The procedure resulted in 15 final assemblies. We compared the inferred genes to the human genome reference assembly. Each of these 15 assemblies maps unambiguously to one of the 13 known IFNA genes or the single whole pseudogene at an average error rate of 6.0 × 10-4 per base (14 mismatches in 23374 bases). In one case, a pair of assemblies mapped to a single genomic gene, IFNA17. There are 2 single nucleotide differences between the two assemblies mapping to IFNA17 and one dinucleotide difference. Each of the single nucleotide differences is strongly supported, with multiple high-quality reads supporting the inference. The dinucleotide difference is less well supported, with just a single trace covering it in one assembly, though the corresponding bases in this trace are good quality.
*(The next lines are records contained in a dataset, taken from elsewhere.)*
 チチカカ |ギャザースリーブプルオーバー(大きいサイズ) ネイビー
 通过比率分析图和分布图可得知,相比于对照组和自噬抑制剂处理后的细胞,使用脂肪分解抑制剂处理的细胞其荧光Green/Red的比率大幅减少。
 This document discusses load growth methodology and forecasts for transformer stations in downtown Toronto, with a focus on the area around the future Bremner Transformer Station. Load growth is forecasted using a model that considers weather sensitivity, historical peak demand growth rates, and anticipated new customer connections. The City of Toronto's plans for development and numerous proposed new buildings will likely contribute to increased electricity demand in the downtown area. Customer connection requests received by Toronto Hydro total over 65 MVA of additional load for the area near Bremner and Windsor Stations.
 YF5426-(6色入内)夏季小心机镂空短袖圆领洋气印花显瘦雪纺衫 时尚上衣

The evidence strongly suggests that the two assemblies do map to two different alleles of the same gene. Accepting this conclusion reduces the error rate to less than 4 × 10-4 per base. The 10 remaining mismatches include a single 4-nucleotide deletion relative to the genomic sequence.
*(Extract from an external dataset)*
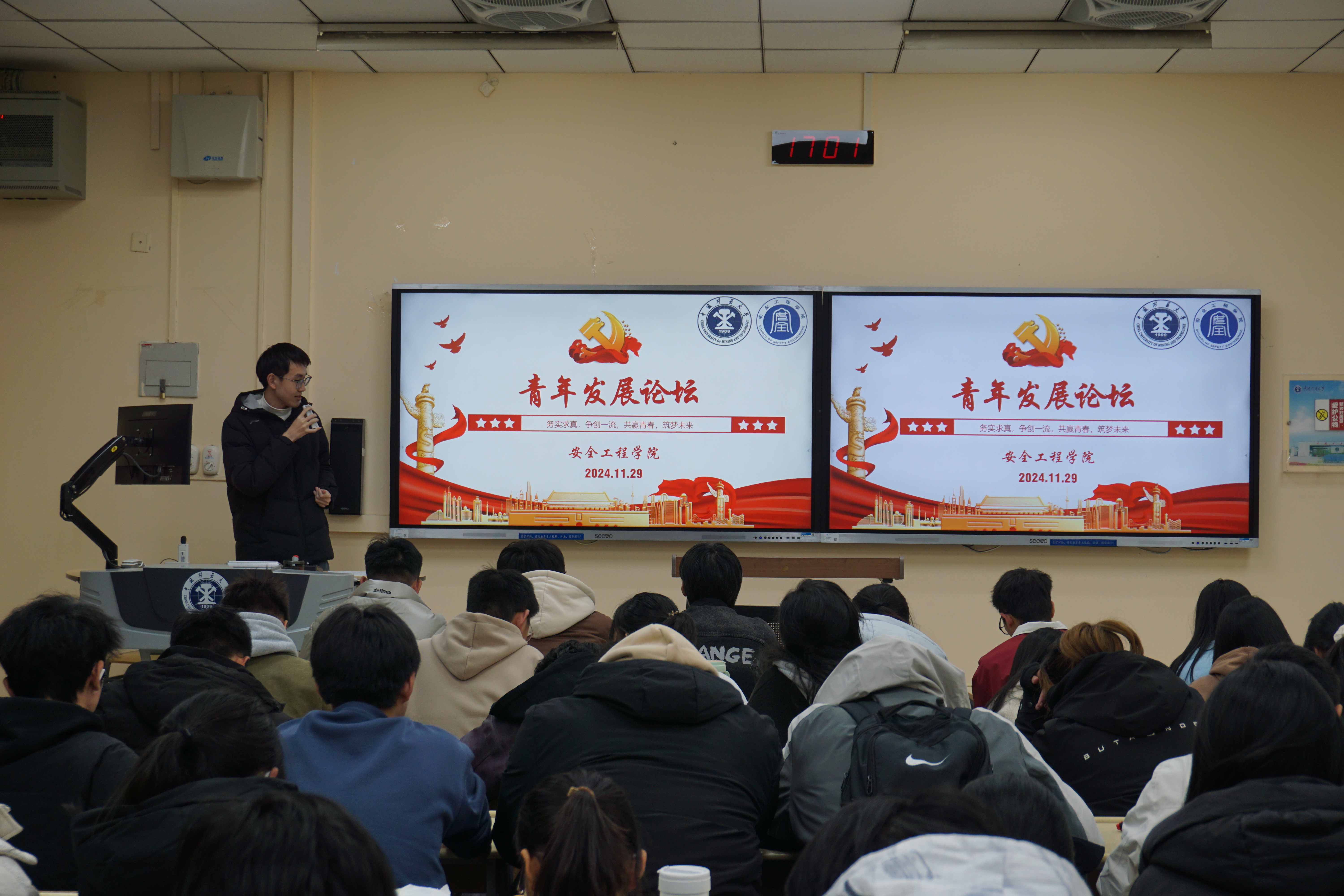 学生党员工作站于博四-B102举办主题为“务实求真,争创一流;共赢青春,筑梦未来”的“第四届青年发展论坛”活动。柯雨辰担任主持,俞嘉濠、李孟阳、李志仁、黄旭兴、王鑫、杨腾锐受邀主讲,同学们积极参加此次活动。

For the next two validation procedures, our intent was to more accurately represent the situation in which the assembler would be used. For this purpose, we used one of the P.vampyrus putative IFNA genes rather than human IFNA2 as the BLAST query, and selected a subsample of the retrieved sequences to simulate low coverage.

There were 74 trace reads in the subset produced by the Whitehead Institute. Assembling these reads using our method produced 13 distinct assemblies with two or more reads in each, mapping (as described above) to 12 different human genomic regions: 7 IFNAs, human IFNW1, LOC100130866 (annotated by NCBI as similar to IFNW1), 2 IFNA pseudogenes and 1 IFNW pseudogene. One pair of distinct assemblies was mapped, erroneously, to a single IFNA. The subset of trace reads from the Venter Institute consisted of 103 sequences, producing 22 distinct assemblies with 2 or more reads, mapping to 22 different regions of the human genome: all 13 IFNAs, 1 IFNA pseudogene, IFNW1, and 6 regions annotated as either IFNW-like or IFNW pseudogenes. The alignments of these assemblies to the genome revealed 3 mismatches in 31531 total bases. One pair of assemblies was erroneously mapped to a single IFNA pseudogene.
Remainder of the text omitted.